Dabei wurden und werden in dem Land verschiedene Wasserprojekte von uns unterstützt, denn Äthiopien zählt trotz positiver Entwicklungen innerhalb der letzten Jahre nach wie vor zu den ökonomisch schwächsten Ländern der Welt. Dies wird auch daran deutlich, dass nur 63,7% der Bevölkerung über einen angemessenen Anschluss an eine Trinkwasserversorgung verfügen. Für Viva con Agua und seine Partnerorganisationen ist das die Motivation, sich weiterhin für Wasserprojekte einzusetzen.

Die unterstützten Projekte befinden sich sowohl im ländlichen als auch im urbanen Raum. Denn obwohl Äthiopien stark landwirtschaftlich geprägt ist, wachsen auch die Großstädte stark an und stellen so neue Herausforderungen an die Trinkwasserversorgung und an den Zugang zu sanitären Anlagen in neu entstehenden Randbezirken der Städte. Beispiel für urbane Herausforderungen ist dabei nicht nur die Hauptstadt Addis Abeba mit rund 3,2 Millionen Einwohnern (2015), sondern auch die Stadt Bahir Dar im Norden des Landes. Hier unterstützt Viva con Agua Projekte, damit auch Schulen der Stadt sauberer werden und Zugang zu Trinkwasser haben.

Indien

Indien ist als siebtgrößter Staat der Erde, der größte Staat in Südasien und mit einer Fläche von 3 287 263 km² neunmal größer als Deutschland. Mit 1,35 Mrd. Einwohnern und einem jährlichen Bevölkerungswachstum von 1,11%, belegt Indien in der Weltrangliste Platz 2 unter den Nationen.
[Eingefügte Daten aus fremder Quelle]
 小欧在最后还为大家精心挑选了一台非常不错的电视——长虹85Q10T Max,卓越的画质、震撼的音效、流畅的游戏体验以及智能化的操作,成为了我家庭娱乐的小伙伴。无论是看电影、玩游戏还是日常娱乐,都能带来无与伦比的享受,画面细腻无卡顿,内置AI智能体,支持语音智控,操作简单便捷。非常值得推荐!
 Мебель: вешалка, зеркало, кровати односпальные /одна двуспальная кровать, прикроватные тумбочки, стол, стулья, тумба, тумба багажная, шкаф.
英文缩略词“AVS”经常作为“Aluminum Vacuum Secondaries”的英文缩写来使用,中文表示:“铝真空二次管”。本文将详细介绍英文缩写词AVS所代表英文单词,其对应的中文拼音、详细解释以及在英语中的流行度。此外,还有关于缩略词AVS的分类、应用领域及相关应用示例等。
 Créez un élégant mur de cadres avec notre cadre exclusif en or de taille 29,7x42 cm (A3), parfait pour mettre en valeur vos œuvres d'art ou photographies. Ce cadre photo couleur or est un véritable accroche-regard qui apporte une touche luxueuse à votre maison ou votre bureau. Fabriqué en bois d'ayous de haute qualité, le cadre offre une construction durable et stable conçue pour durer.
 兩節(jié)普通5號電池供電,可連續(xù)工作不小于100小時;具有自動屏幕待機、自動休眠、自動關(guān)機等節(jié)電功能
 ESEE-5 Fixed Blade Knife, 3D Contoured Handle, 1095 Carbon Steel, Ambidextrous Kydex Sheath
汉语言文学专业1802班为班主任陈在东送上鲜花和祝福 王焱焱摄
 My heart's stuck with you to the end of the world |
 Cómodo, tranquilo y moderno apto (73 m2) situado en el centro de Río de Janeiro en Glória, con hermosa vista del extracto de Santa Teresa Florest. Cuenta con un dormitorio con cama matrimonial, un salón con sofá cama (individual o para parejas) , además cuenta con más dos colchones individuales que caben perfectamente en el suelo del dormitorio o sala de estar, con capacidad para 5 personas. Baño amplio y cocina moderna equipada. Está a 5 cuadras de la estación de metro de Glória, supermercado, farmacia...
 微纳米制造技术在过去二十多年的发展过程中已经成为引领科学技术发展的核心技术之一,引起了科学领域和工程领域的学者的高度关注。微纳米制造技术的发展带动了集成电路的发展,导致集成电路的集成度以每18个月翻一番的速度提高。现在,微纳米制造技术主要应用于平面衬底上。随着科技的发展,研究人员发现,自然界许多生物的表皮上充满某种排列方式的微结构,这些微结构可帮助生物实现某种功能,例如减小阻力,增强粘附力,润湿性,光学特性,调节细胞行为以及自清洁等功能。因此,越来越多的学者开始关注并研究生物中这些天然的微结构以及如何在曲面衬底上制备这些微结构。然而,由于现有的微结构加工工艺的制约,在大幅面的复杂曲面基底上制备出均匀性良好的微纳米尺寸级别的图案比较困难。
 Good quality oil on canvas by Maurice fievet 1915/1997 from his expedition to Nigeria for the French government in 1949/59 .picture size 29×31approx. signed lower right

 Es ist ein Land der Gegensätze, das u.a. moderne Hochtechnologie und extremen Reichtum mit extremen Formen der Armut, Kinderarbeit und der Diskriminierung ethnischer Minderheiten (Adivasi) und Kastenlosen (Dalit) sowie Frauen verbindet.
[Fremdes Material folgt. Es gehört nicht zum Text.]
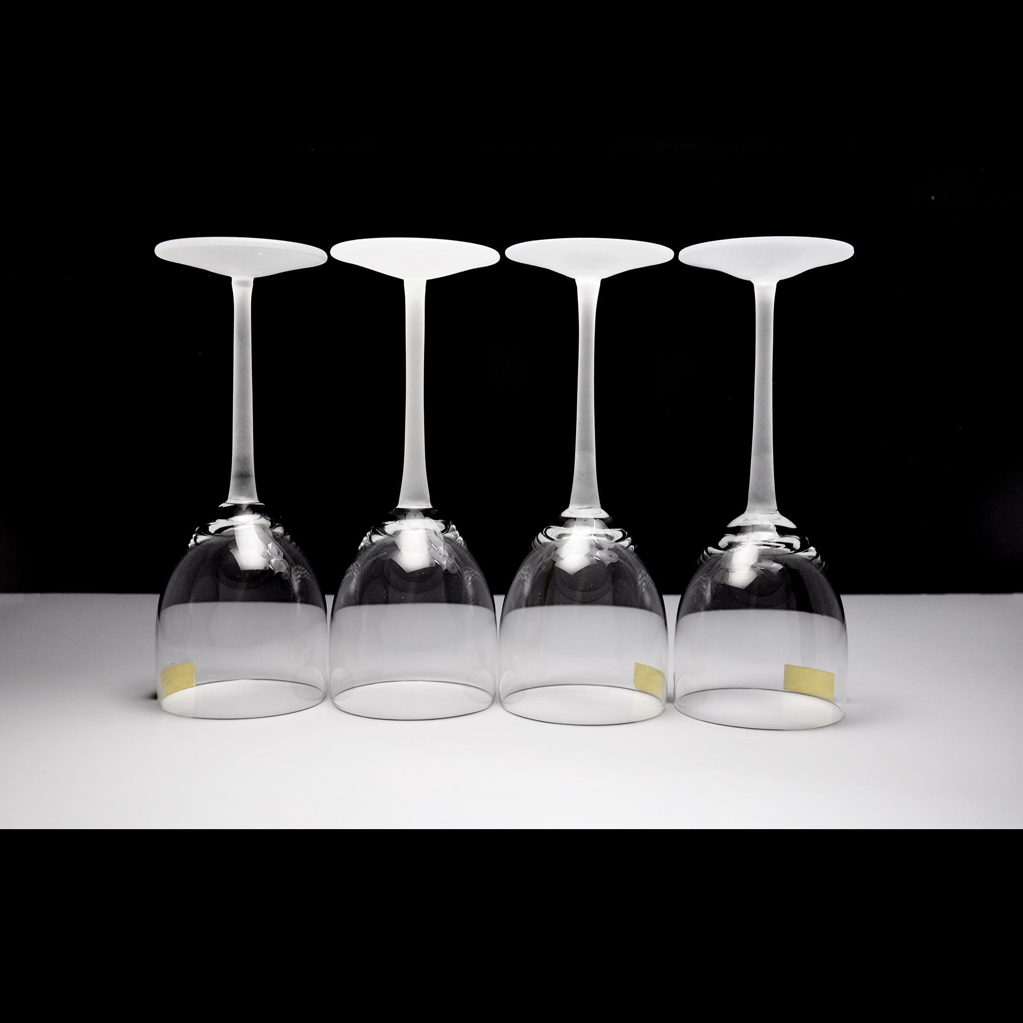 This set of four stunning Toscany Balmoral crystal wine glasses is a perfect blend of elegance and craftsmanship. Hand-blown in Romania, each glass features a clear crystal bowl paired with a frosted glass stem, adding a touch of charm to your glassware collection. These wine glasses stand 8 inches tall and 3 inches in diameter and are in excellent condition with no chips or cracks. Ideal for collectors or special occasions, these glasses are both functional and decorative.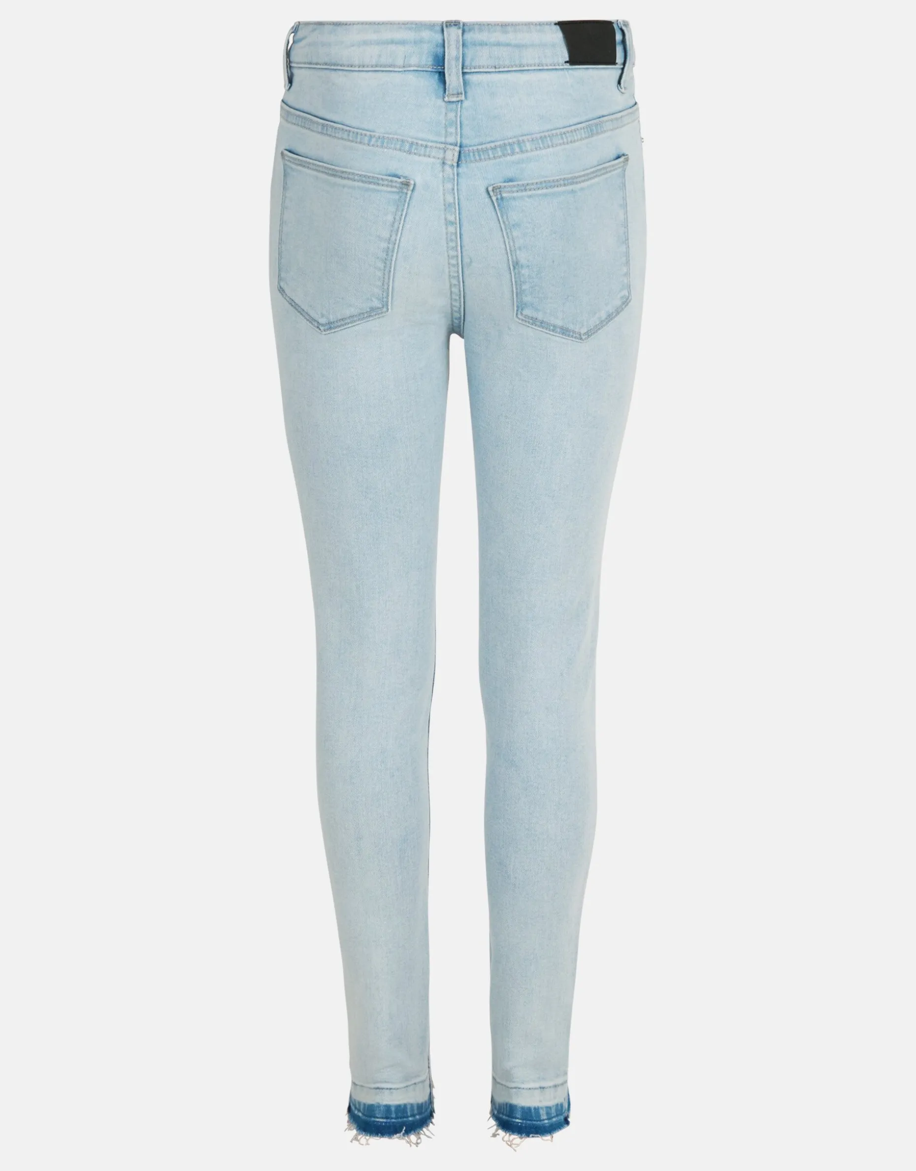 Een fijne jeans is onmisbaar in je garderobe! De Skinny Jeans is daarom een favoriet van ons. De jeans heeft een hoge taille, een skinny fit, een 5-pocket model, een verstelbare band in de taille en een knoop-en ritssluiting. Het item wordt gekenmerkt door de lichtblauwe bleached wassing met een donker denim detail aan de onderzijde van je broekspijp. Maakje look compleet met een statement t-shirt en een bomberjack voor een on-trend look!

Das hohe Wirtschaftswachstum der letzten Jahre hat die regionalen Entwicklungsunterschiede und das zunehmende Gefälle zwischen Wohlstand und prekären Lebenslagen verschärft. 33 % der indischen Bevölkerung leben im urbanen Raum und Megastädte wie Neu-Delhi oder Mumbai haben erhebliche Herausforderungen für den WASH-Bereich zu bewältigen. Dazu gehört beispielsweise der mangelhafte Anschluss von Stadtvierteln und Slums an ein Wasserversorgungsnetz oder das Fehlen von Toiletten auf engem Lebensraum.

Engagement für das Menschenrecht auf Wasser

Die Wasserknappheit gehört zu den größten Herausforderungen für die Umwelt. Staudämme und künstliche Bewässerungssysteme sollen die Wasserversorgung in trockenen Gebieten sicherstellen. Eine übermäßige Bewässerung ist jedoch vielerorts eine der Gründe für sinkende Grundwasserspiegel. Verschmutztes und verseuchtes Wasser trägt wesentlich zur Entstehung und Verbreitung von Infektionskrankheiten bei. Nur knapp 56% der indischen Bevölkerung hat Zugang zu sanitären Anlagen.
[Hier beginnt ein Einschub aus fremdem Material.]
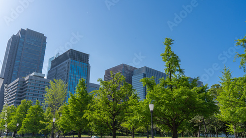 © aomas, Obraz premium 高層ビルと街路樹と青空の風景。日本、東京都千代田区。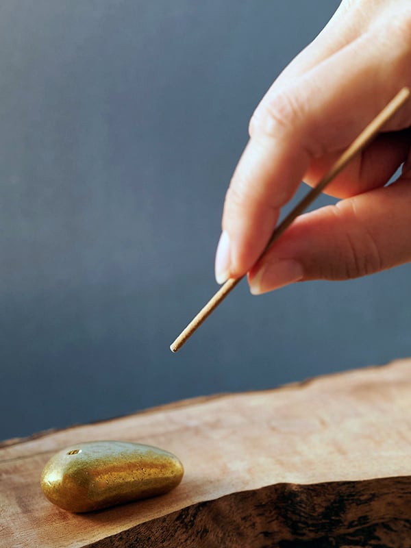 長い年月をかけて意図せず角の取れた石たちを真鍮のお香立てに仕上げました。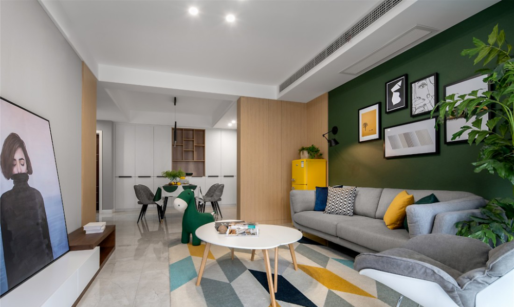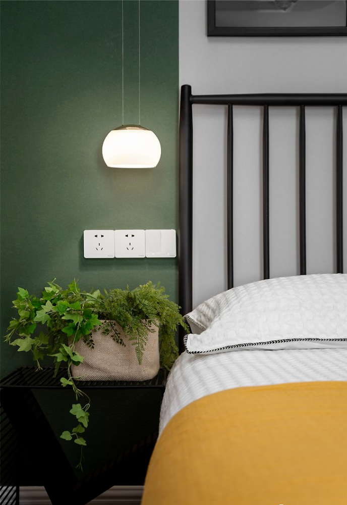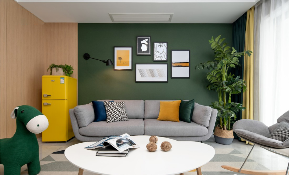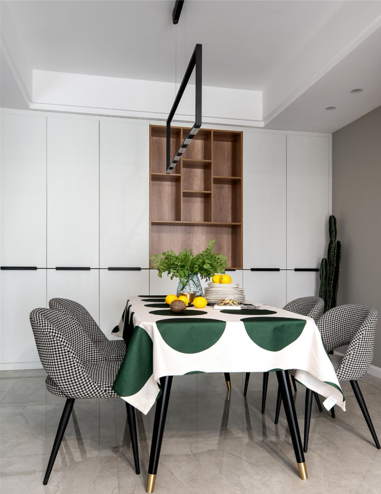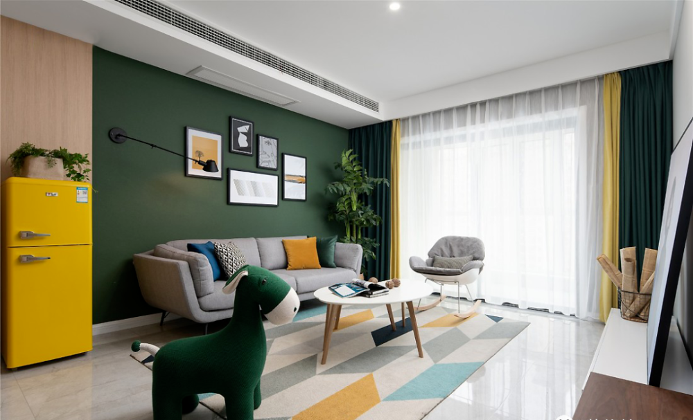 ” 设计理念 这是一套北欧风格的装修案例,家对于屋主而言,不仅仅只是一个住所,更是可以燃烧生活热情的地方,因此屋主期望格外注重“氛围感”,期望设计师可以多加把控。希望这套装修案例能给大家带来一些灵感。 ” 客厅 ▲ 当高级优雅的墨绿遇见温润的原木,是专属于自然的味道。 ▲ 亮黄色冰箱置于客厅也不会觉得突兀,与整体氛围融合的刚刚好。 ▲ 无论是背景色还是绿植,也在无形中强化视觉舒适度。 ▲ 或许你会觉得客厅配色略显张扬,但是另一侧电视背景墙的浅色却让色调得以沉淀。 ▲ 柔化空间氛围,也让空间主人的休闲时刻更为安逸。 餐厅 ▲ 餐厅,收纳柜占据了整面墙却因其浅色调不会给屋主压抑感,细腿餐桌椅搭配不同质感及色彩也可满足空间主人的时尚追求。 ▲ 桌布的配色都与墨绿主色调相呼应,配合整个餐厅呈现出的优雅气质,也是屋主所中意的。 厨房 ▲ 主打实用的厨房并没有强加装饰,石材和原木的结合也让空间布满自然简约气息。 主卧 ▲ 与客厅的活泼不同,屋主期望个人空间还是低调为主,因此并没有选择明艳的色彩,软装也遵循极简风,与整个设计形成反差。 儿童房 ▲ 孩子的房间,设计师则提取了客厅的墨绿及亮黄做搭配。 ▲ 天真烂漫的氛围,对于孩子的成长来说再好不过。 w& M5 t z' G9 B% y7 @9 p1 f

Viva con Agua engagiert sich daher im Zuge der Projektmaßnahmen für die Sensibilisierung der Menschen zum Thema “Menschenrecht auf Wasser”. Die freudvollen Aktionen sollen am Ende in konkreten Aktionsplänen für Wasserprojekte enden. Das Projekt erstreckt sich über die sechs Bundesstaaten Madhya Pradesh, Uttar Pradesh, Chattisgarh, Odisha, Bihar und Jharkhand.

Nepal

Nachdem ein 2012 von Viva con Agua und der Welthungerhilfe (WHH) gestartetes Wasserprojekt in Nordindien überraschend schnell großartige Erfolge feierte, weiteten wir das Projekt aus und erreichten den Süden von Nepal.

 Inzwischen unterstützen wir gemeinsam mit der WHH und der lokalen Partnerorganisation RRN (Rural Reconstruction Nepal) Projekte im ländlichen Raum Nepals.

Im Projektgebiet Chitwan stehen Schulkinder, Mädchen und Frauen im Fokus, da besonders sie durch einen nicht adäquaten Zugang zu sanitären Anlagen und sauberem Trinkwasser benachteiligt werden.